2010 Conger–Albert Lea tornado
- The tornado seen north of Albert Lea.

Meteorological history
- Formed: June 17, 2010, 6:33 p.m. CDT (UTC−05:00)
- Dissipated: June 17, 2010, 7:15 p.m. CDT (UTC−05:00)
- Duration: 42 minutes

EF4 tornado
- on the Enhanced Fujita scale
- Max width: 1,760 yards (1.00 mi; 1.61 km)
- Path length: 16.91 miles (27.21 km)
- Highest winds: 175 mph (282 km/h)

Overall effects
- Fatalities: 1
- Injuries: 14
- Damage: ~$13.5 million (2011 USD)
- Areas affected: Freeborn County, Minnesota
- Part of the June 2010 Northern Plains tornado outbreak and Tornadoes of 2010

= 2010 Conger–Albert Lea tornado =

2010 EF4 tornado in Minnesota

In the evening hours of June 17, 2010, a large and powerful multi-vortex tornado moved across Freeborn County, located in the state of Minnesota.
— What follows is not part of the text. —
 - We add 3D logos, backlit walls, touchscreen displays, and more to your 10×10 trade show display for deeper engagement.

The tornado destroyed several buildings and farmsteads; one person was killed with fourteen others sustaining injuries to varying degrees. The tornado was one of four EF4-rated tornadoes to touch down on June 17, all of which occurred as part of the June 2010 Northern Plains tornado outbreak.
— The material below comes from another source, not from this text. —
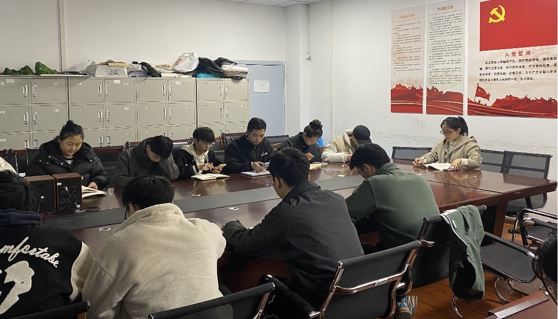 会前田林同志强调了会议纪律,全体党员共同温习了党的章程。感知到作为党员必须做到认真学习党的知识,坚持党和人民的利益高于一切,维护党的团结统一,加强党性修养。随后,田林同志带领全体党员学习了《关于进一步加强青年科技人才培养和使用的若干措施》。通过学习,大家领会到培养用好青年科技人才,对加快实现高水平科技自立自强,建设科技强国和人才强国的重大意义。大家纷纷表示一定会学好、用好专业知识,在科技创新中展现更多青年担当。观看政论片《领航》后,大家深刻认识到中国共产党“全心全意为人民服务”的宗旨,不仅表现在以马克思主义思想为指导的无产阶级革命上,也表现在为中国人民谋幸福,为中华民族谋复兴上。
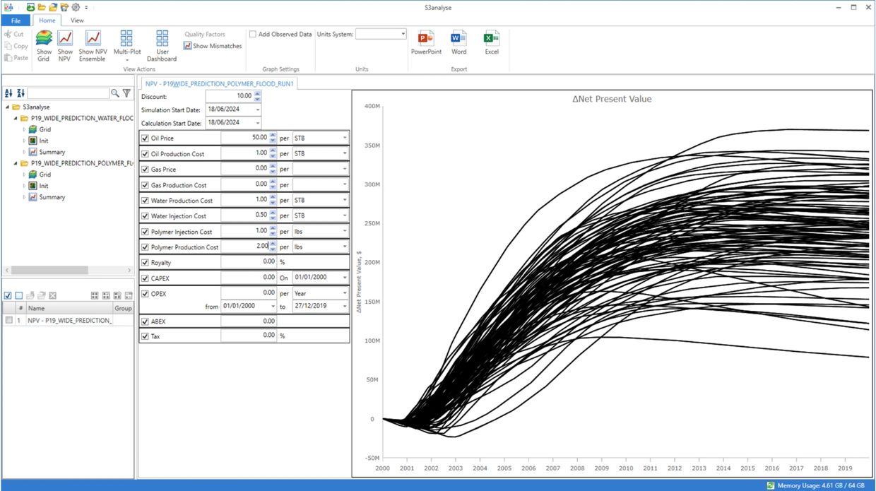 Failing to model the reservoir uncertainty can lead to an incorrect estimation of the value of a project. To illustrate this, consider the ensemble NPV plots from S3analyse in Figures. 2 and 3. These show the effect of subsurface uncertainly on the calculated NPV for a pilot study (based on a sector of a full-field model), comparing the NPVs for a simple waterflood and a polymer flood. The ensemble that is the basis of this study was generated by selecting a pilot region from a full-field model and automatically generating sector models (using Sciencesoft’s S3quickbuild software) from each case in the full-field ensemble for the pilot region. These were each then run with water injection and polymer injection. Figure. 2 compares the spread of NPV values for the waterflood (red) and polymer flood (black), for each ensemble case. The benefit of the polymer flood is clear, although the spread in NPV is wide.

The tornado first touched down near Mansfield, moving in an easterly direction as it moved north of Conger. The tornado then moved through areas near Manchester, before dissipating several minutes later. The tornado was on the ground for 21 mi, and received an EF4 rating after a damage survey was conducted.
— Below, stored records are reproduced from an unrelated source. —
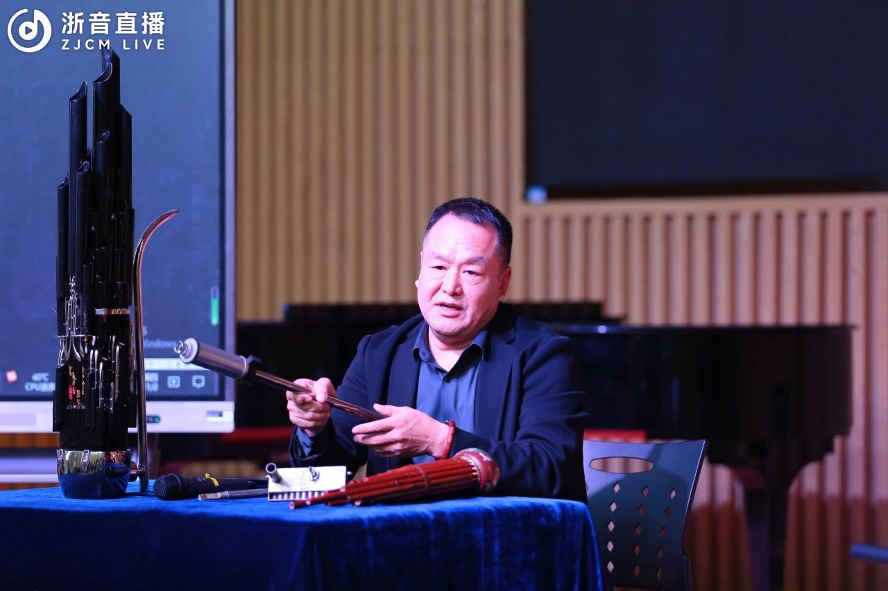 11月2日,笙学会荣誉理事、中国民族吹管乐研究小组组长、制作委员会副会长、非物质文化遗产传承人、中国民乐十大制作师之一的赵宏亮老师受“大樂永和 浙江音乐学院第八届国乐艺术节”邀请,在浙江音乐学院6A楼B205国乐厅给国乐系师生们做了“谈中低音笙的改良”学术讲座。
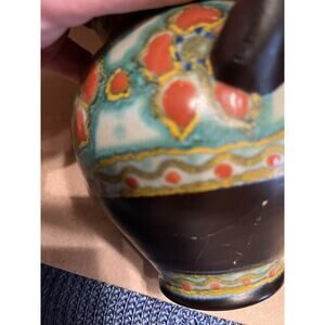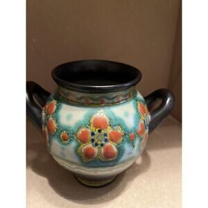 This vintage Gouda Holland Art Pottery vase features an Art Deco style with a vibrant blue and orange color scheme. Handmade in Holland, the ceramic vase has a unique pattern of flower petals in a all-over design. With a height and width of 8 inches, this original piece by Gouda Holland showcases intricate craftsmanship and a floral theme that enhances any floral or garden-themed decor. Perfect for collectors of vintage pottery, this double-handled vase adds a touch of artistic charm to any space.
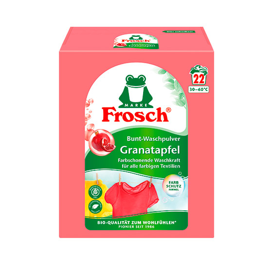 Отличная новинка которая достойно пополнила гранатовую серию бытовой химии Frosch.Порошок для стирки цветного белья концентрированный Гранат это высокая моющая способность, особенно для цветных тканей при температуре 20 °-60 ° C, но не подходит для натуральных шерсти и шелка.
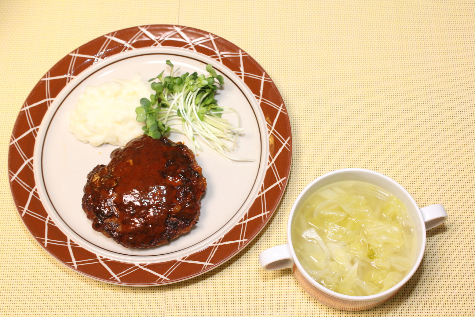次回4月11日は、煮込みハンバーグ、マッシュポテト添えを実施します。市販のハンバーグなどとは、比べものにならない美味しさです。自分で作れたら、満足度が大きい料理です。安価な挽肉に手を加えることで作る、贅沢料理です。
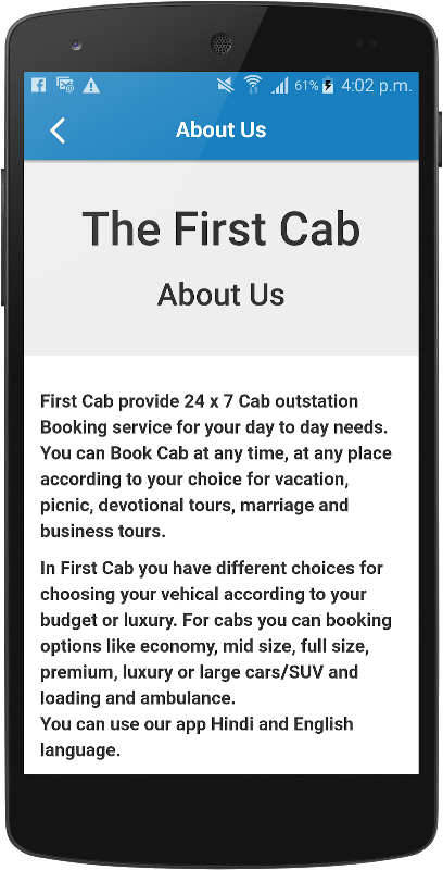 First Cab provide 24 x 7 Cab outstation Booking service for your day to day needs. You can Book Cab at any time, at any place according to your choice for vacation, picnic, devotional tours, marriage and business tours.
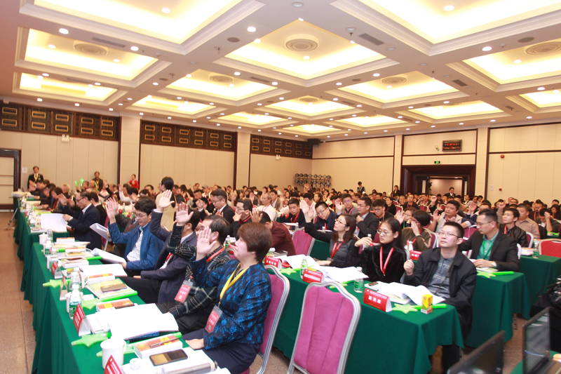 与会代表就协会新《章程》、《会员大会选举办法》、《监票、计票、唱票人员名单》、《第三届理事会、监事会侯选单位名单》等内容进行举手表决。

== Meteorological synopsis ==

On June 16, 2010, an upper-level area of low pressure and associated trough moved southeastward across the Rocky Mountains into the Great Plains. Along the base of the trough, the presence of a strong mid-level jet stream provided significant instability; however, warm-air aloft was expected to limit the extent of convective development. Moderate to strong deep layer wind shear along with steep lapse rates would allow for the development of supercell thunderstorms with large hail (greater than 2 in in diameter). In light of this, the Storm Prediction Center issued a slight-risk of severe weather for portions of Colorado, Montana, Nebraska, North Dakota, South Dakota and Wyoming.

The Storm Prediction Center issued a moderate risk of severe weather for June 17, 2010, citing a 10% threat for tornadoes, 45% threat for large hail and 45% threat for damaging wind, initially thinking tornadoes would quickly reform into a straight-line wind event. The moderate risk area extended from around Fargo, North Dakota, to Des Moines, Iowa, and Omaha, Nebraska, including the Twin Cities area, with a slight risk area extending across the Upper Midwest. Surface dew points reached the low 70s °F (low 20s °C) with surface temperatures well into 80s °F (near 30 °C) across Minnesota. Surface-based CAPE values were forecast to reach 2000–3000 J/kg.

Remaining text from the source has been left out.